Тот осторожно приблизился и стал вглядываться в мокрую траву между кочками, куда смотрела собака. Лицо его сделалось еще испуганней, чем было после оплошного выстрела. Не оборачиваясь, он скороговоркой прошептал:
— Вижу его, что делать?
— Бери рукой…
Помедлив, Мамед рывком нагнулся. В его руке забился крупный пестрый тетеревенок. Умница Джинка задрожала вся, однако с места не двинулась и не сводила глаз с пойманной птицы.

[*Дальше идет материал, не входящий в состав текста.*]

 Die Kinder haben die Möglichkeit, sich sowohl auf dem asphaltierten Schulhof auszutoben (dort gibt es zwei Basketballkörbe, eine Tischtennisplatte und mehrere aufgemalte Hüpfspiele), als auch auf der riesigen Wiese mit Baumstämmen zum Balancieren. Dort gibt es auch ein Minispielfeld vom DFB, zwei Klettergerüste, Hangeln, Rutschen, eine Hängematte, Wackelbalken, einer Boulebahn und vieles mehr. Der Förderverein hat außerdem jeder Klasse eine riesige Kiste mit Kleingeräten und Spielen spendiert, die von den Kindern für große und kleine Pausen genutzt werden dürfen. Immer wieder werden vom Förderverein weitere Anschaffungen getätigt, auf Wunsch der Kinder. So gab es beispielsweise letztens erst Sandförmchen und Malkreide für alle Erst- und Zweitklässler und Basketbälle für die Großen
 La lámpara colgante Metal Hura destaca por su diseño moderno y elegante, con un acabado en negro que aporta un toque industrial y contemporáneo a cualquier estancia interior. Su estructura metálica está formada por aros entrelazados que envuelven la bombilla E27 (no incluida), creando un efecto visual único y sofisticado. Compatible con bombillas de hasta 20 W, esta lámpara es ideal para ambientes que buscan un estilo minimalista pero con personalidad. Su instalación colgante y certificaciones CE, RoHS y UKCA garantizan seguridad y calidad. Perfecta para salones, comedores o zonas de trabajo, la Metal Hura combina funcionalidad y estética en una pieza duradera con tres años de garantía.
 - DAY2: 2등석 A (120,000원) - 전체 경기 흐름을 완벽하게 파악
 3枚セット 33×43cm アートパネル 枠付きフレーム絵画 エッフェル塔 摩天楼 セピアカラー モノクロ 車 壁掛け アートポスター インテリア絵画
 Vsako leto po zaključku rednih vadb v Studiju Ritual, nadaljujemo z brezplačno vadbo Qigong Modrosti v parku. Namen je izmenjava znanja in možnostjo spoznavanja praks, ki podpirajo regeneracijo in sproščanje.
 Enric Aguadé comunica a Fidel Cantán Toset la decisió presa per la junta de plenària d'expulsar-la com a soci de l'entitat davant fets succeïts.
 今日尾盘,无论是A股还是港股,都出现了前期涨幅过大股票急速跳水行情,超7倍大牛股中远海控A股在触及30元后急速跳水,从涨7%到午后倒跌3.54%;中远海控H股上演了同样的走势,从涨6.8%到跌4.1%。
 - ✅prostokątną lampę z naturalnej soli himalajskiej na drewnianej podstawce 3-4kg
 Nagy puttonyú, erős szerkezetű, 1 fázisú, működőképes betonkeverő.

— Что же теперь? — растерянно спрашивал Мамед, крепко держа тетеревенка в вытянутой руке.
Костя весело смеялся:
— Сроду не видал такого охотника! В небо стреляет, а дичь живою вынимает из-под кочки! Не совсем летный, наверное, — добавил он, осматривая тетеревенка. — Нет, вот уж черное перышко пробивается… Летный петушок. В мокрую погоду тетерева крепко затаиваются.

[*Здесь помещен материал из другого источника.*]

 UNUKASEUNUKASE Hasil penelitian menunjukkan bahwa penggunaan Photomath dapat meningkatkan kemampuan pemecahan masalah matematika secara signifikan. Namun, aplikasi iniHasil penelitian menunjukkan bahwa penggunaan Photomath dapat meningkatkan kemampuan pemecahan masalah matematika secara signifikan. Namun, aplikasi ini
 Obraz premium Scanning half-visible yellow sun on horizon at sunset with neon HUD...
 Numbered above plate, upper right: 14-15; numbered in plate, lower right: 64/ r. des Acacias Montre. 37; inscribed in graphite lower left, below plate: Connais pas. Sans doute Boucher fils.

Птицу обвязали носовым платком, чтобы не билась в Мамедовой сетке для дичи. Он перезарядил ружье, повесил его за плечо и ходил следом за Костей, бережно придерживая ягдташ левой рукой и на него поминутно посматривая.
Джинка снова повела, на этот раз ходко, верхним чутьем. Она то приостанавливалась, настораживая уши, то пускалась вперед. Костя оглянулся и мигнул Мамеду:
— Черныш! Карауль, сейчас где-то вылетит.
Мамед едва успел снять с плеча ружье, как за высоким кустом зашумела, взлетая, крупная черная птица. Мамед ударил прямо в куст. Костя быстро выскочил на чистое место и, выцелив улетающего старого тетерева в угон, успел перехватить его зарядом дроби.
Вскоре снова полил дождь. Скричались с хозяином собаки и пошли домой, а к вечеру тащились на телеге по грязному проселку к городу.
Кертуев решил было тетеревенка привезти живым для Костиных детей. На последней вырубке, уже в виду города, он спросил:
— Костька, ты на меня сердиться не будешь?
— За что?
— Я его выпущу.
Костя засмеялся:
— Пожалуйста, выпускай!
— По крайней мере, большой тетерев вырастет… Айда, друг, лети!
Мамед выпростал свой ягдташ. Тетеревенок смешно кувыркнулся в мокрую траву, а потом, почуяв свободу, вспорхнул и полетел, все ровнее и смелее, к опушке леса.
3
Вот уже полтора года, как из бывших институтских троцкистов иногда лишь Вейнтрауб заговаривал с Пересветовым на политические темы. Кувшинникова не было в Москве, а Вейнтрауб по-старому квартировал в общежитии, с Костей они довольно часто сталкивались на лестнице или в столовке.
Когда Пересветов в сентябре вернулся в Москву, Вейнтрауб, увидев его, осведомился, хорошо ли тот отдохнул за лето, а потом, с нарочито наивной миной, спросил:
— Скажите, какого вы мнения об идее построения социализма в одном уезде?
Пересветов опешил:
— Глупая шутка!
— Между прочим, эту шутку приписывают Радеку, — живо подхватил Вейнтрауб. — Постановления XIV партконференции вы, разумеется, читали. Не находите ли вы в них оснований для подобного анекдота?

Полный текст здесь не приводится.